In Connell v. Crosby, 210 Ill. 380: 71 N.E. 350, a resident of Illinois died seized of real estate in other States. He directed the sale of his real estate in the foreign jurisdictions for the purpose of creating a fund for the foundation of a *354 college. It was attempted, upon the principle of equitable conversion, to subject the proceeds of the sale of the real estate situated outside of Illinois to the inheritance tax law of that State. This the Court refused to do. The Court said: "The will directs the conversion of the real estate into money for the purpose of creating a fund to be devoted to the establishment of the college, and it is argued that under the doctrine of equity the land is to be regarded as converted into personalty, and it is urged that the bequest of the proceeds of the sale of the real estate is subject to the tax, as being personalty. The doctrine of equitable conversion is an outgrowth of the maxim of equity that in a Court of Equity that which ought to have been done is to be regarded as done. The doctrine of equitable conversion is recognized in equity only, and is not given effect in courts of law. 7 Am. Eng. Ency. of Law (2nd Ed.) 465. It can not be applied in proceedings for the collection of inheritance or succession taxes."
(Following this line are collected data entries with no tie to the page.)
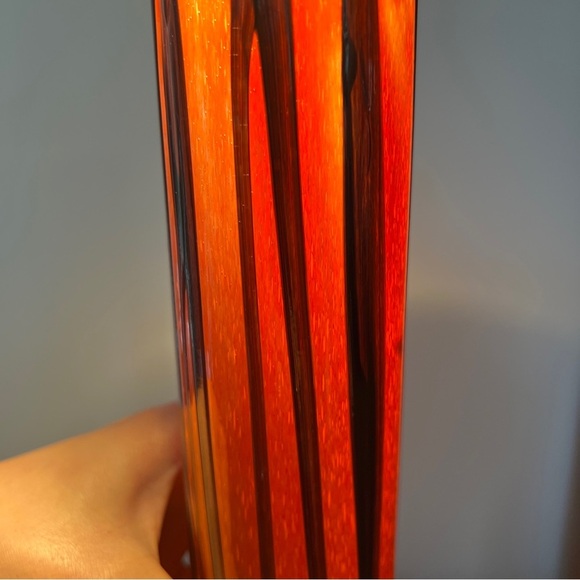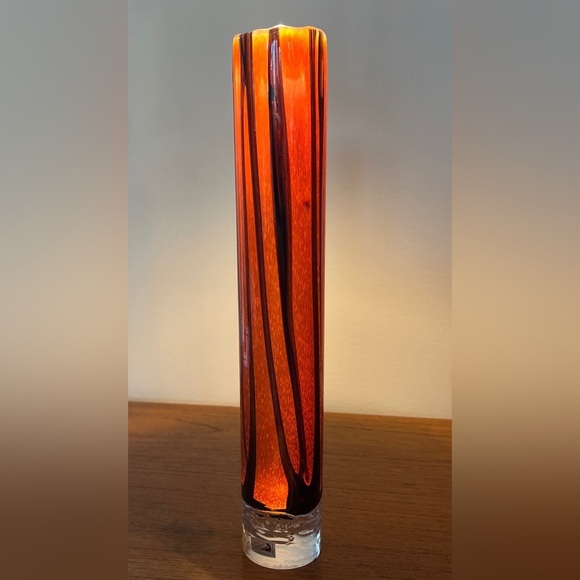Atelier Beranek 14” Round Orange Hand Blown Art Glass Vase Marked Vintage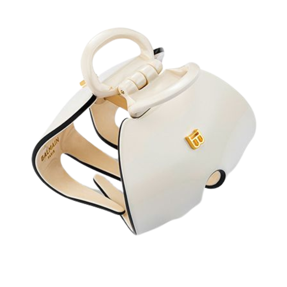 The Balmain Jumbo Hair Pinch Clip is the epitome of luxury and functionality, crafted for those who appreciate elegance in their everyday styling. This oversized handcrafted claw clip is made from durable cellulose acetate and beautifully accented with Balmain's signature 18K gold-plated 'B' logo against a sophisticated white ivory edge.
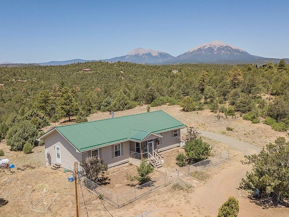 Nice Modular Home with Meadows and Mountains located just outside of Gulnare, less than 1/4 mile from the Pavement on Co. Rd. 46. This Beautiful Home has a nice floor plan with an open concept Living, Dining, Kitchen area opening onto a back deck offering amazing views of the Spanish Peaks and the beautiful meadow down below. The Master Suite is on one side with 2 additional bedrooms and bathroom on the opposite side of the home. There is a full basement with a 2 car garage on one side and ample storage on the other side. The home is tape and textured with bull nose corners and has recessed lighting. It comes partially furnished and is in like new condition. There is also a cute Bunkhouse/Shed. Big Views, Good Well, Cistern and excellent terrain in the Wildlife Rich Apishapa Valley.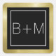 Black square with faux gold border and couple initial letters in a thin and elegant font-style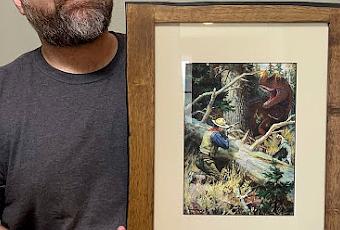 Trouble Buck(Tyrannosaurus al estilo 'The Lost World' añadido a la pintura de Hy Hintermeister "Trouble Bruin")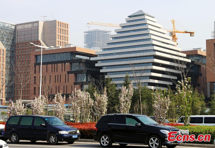 A spinning top-shaped building is under construction in Zhengzhou, Central China's Henan province, March 29, 2015. (Photo: China News Service/Wang Zirui)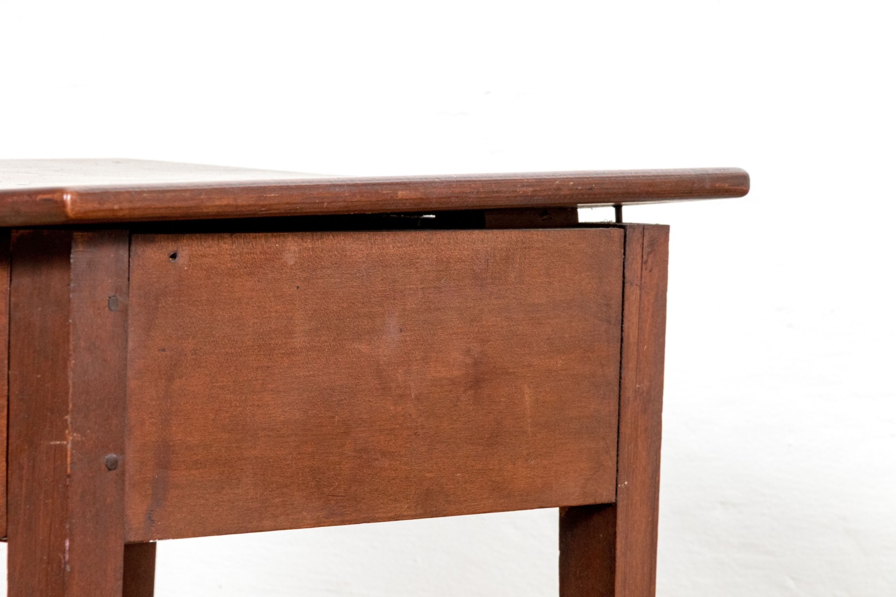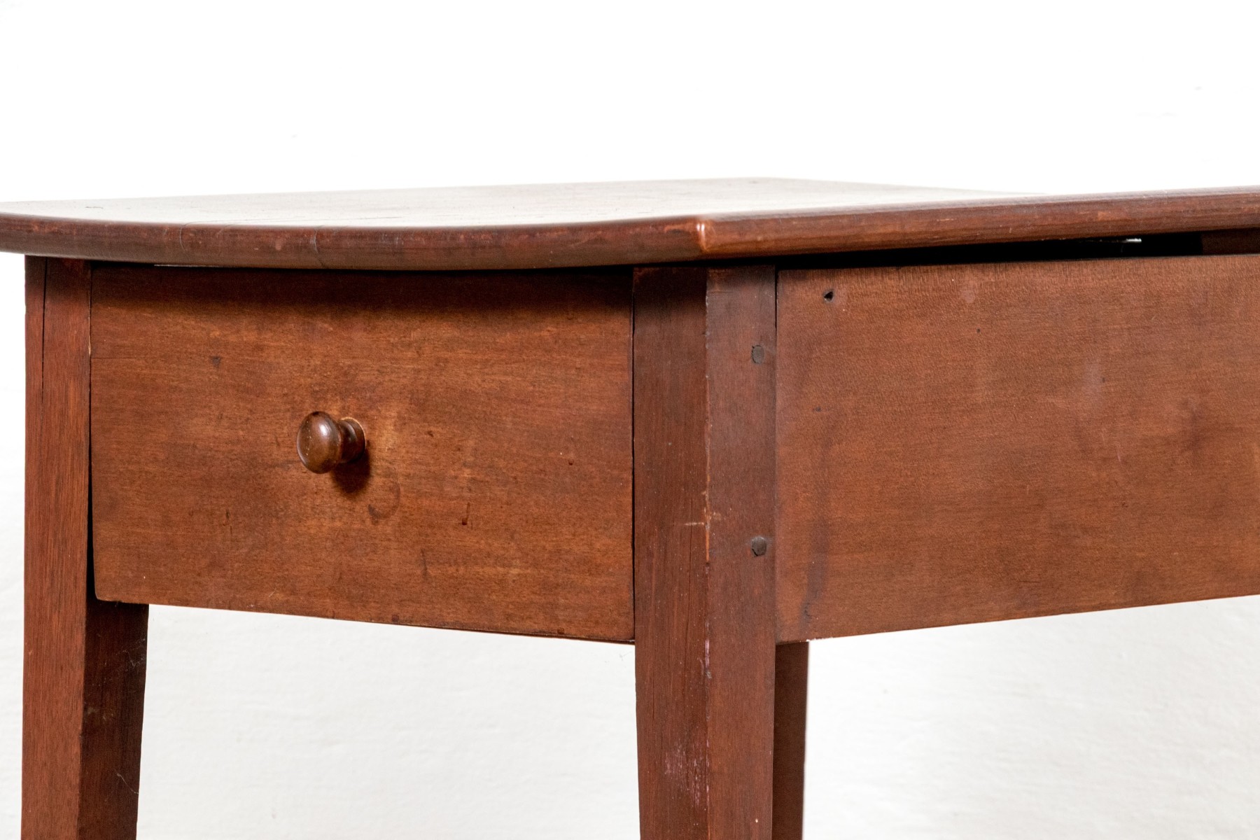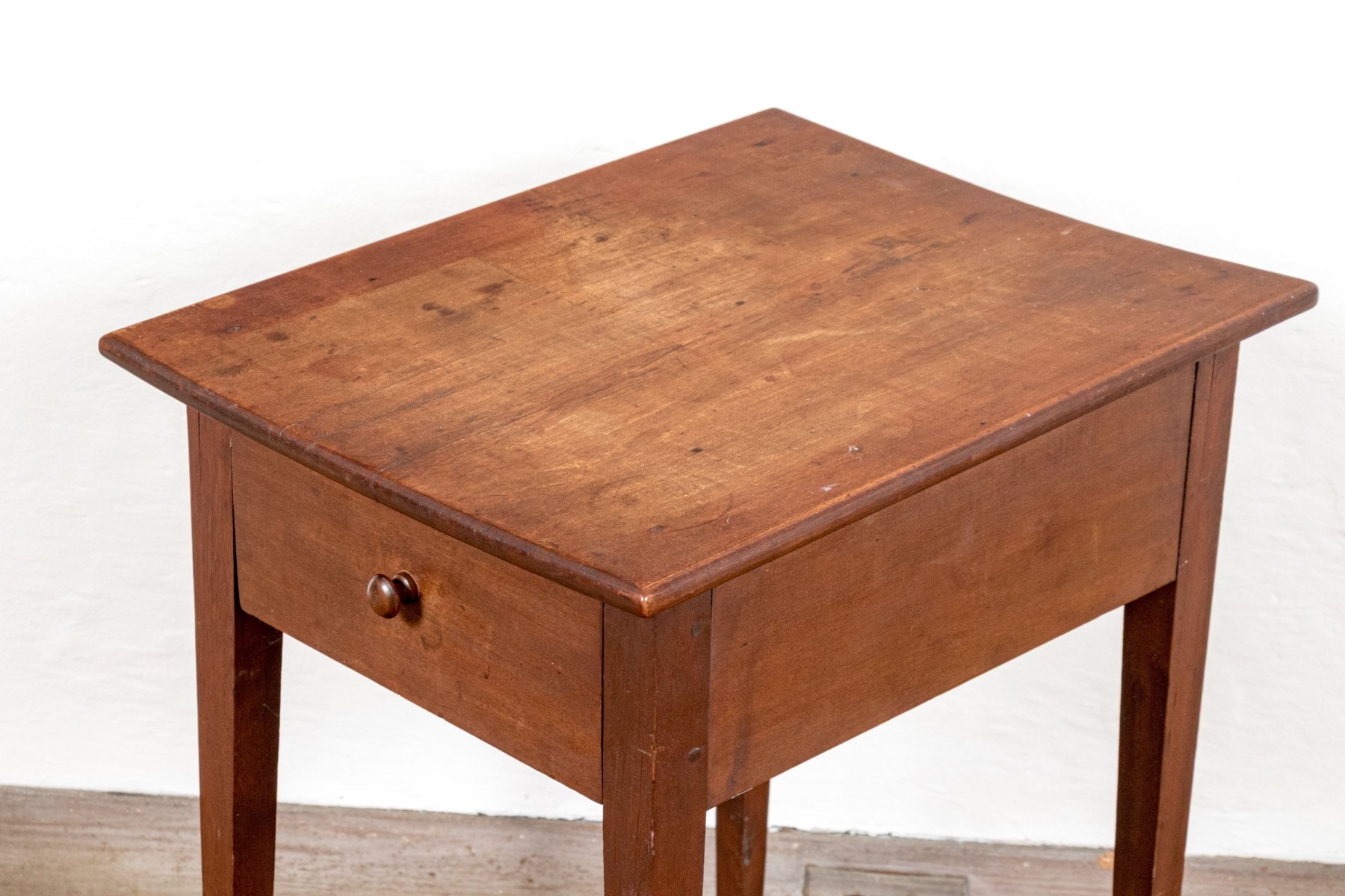 A wonderful antique Shaker style side table crafted in warm medium brown cherry wood, showcasing a rectangular top overhanging a single drawer with a small knob handle raised over sleek straight, tapered legs.

The courts of Pennsylvania take a contrary view, but their holding is not in harmony with the authorities in other States and in England, and so far as we have been able to discover it is the only State in the Union which has applied the principle of equitable conversion in the law of succession taxation, and it did this, as appears in Re Handley's Estate, 181 Pa. St. 339: 37 A. 587, with some hesitation.

Our conclusion is that the real estate of Mrs. Stowman situated in Arkansas was not made subject to the collateral inheritance tax by the direction to sell contained in her will, and, being real estate owned by her at the time of her death and situated in a foreign jurisdiction, neither it nor the money realized from its sale is taxable under the law of this State. It follows from this holding that the judgment must be affirmed.